DATA FOR THIS TASK:
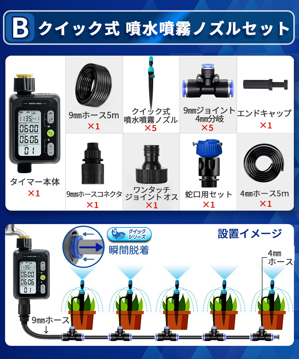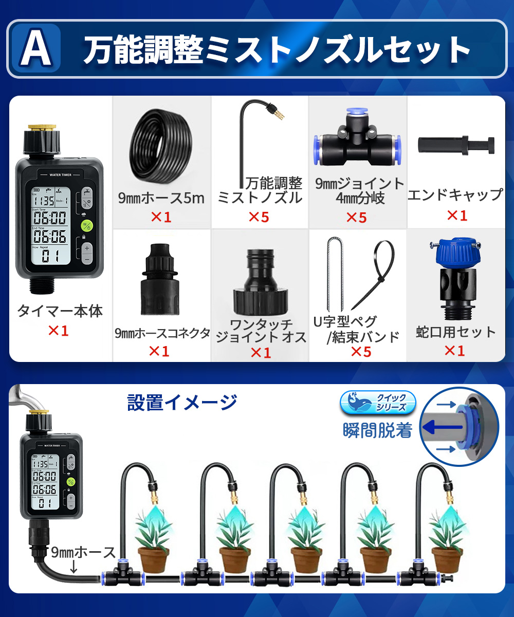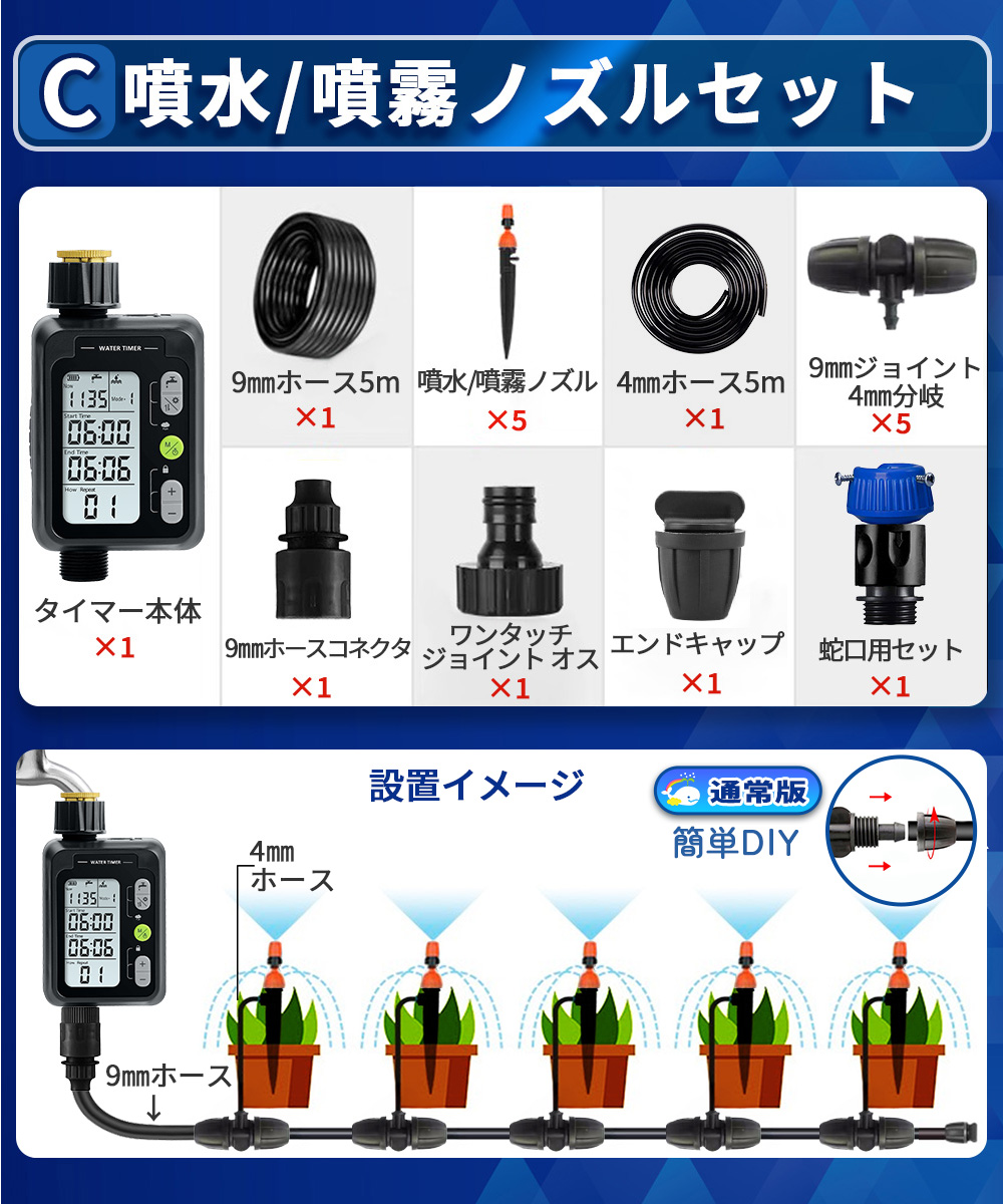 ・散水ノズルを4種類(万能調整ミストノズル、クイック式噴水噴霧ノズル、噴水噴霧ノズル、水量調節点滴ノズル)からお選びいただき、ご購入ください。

--

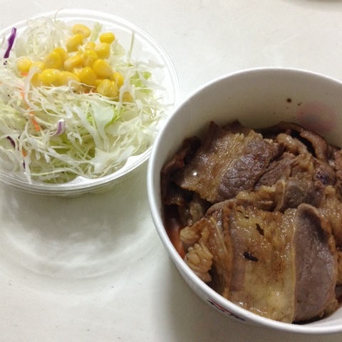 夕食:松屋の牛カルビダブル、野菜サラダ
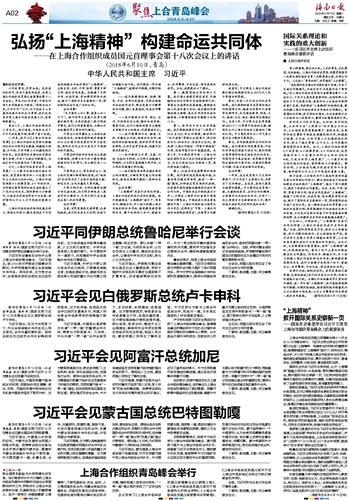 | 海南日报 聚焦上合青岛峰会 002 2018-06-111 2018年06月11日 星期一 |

TASK TO COMPLETE: What to print is the stretch of entries from the line with "夕食:松屋の牛カルビダブル、野菜サラダ" up to and including the line with "2018年06月11日 星期一 |". Please print it exactly and leave out the pictures.

WRITTEN ANSWER:
 夕食:松屋の牛カルビダブル、野菜サラダ
 | 海南日报 聚焦上合青岛峰会 002 2018-06-111 2018年06月11日 星期一 |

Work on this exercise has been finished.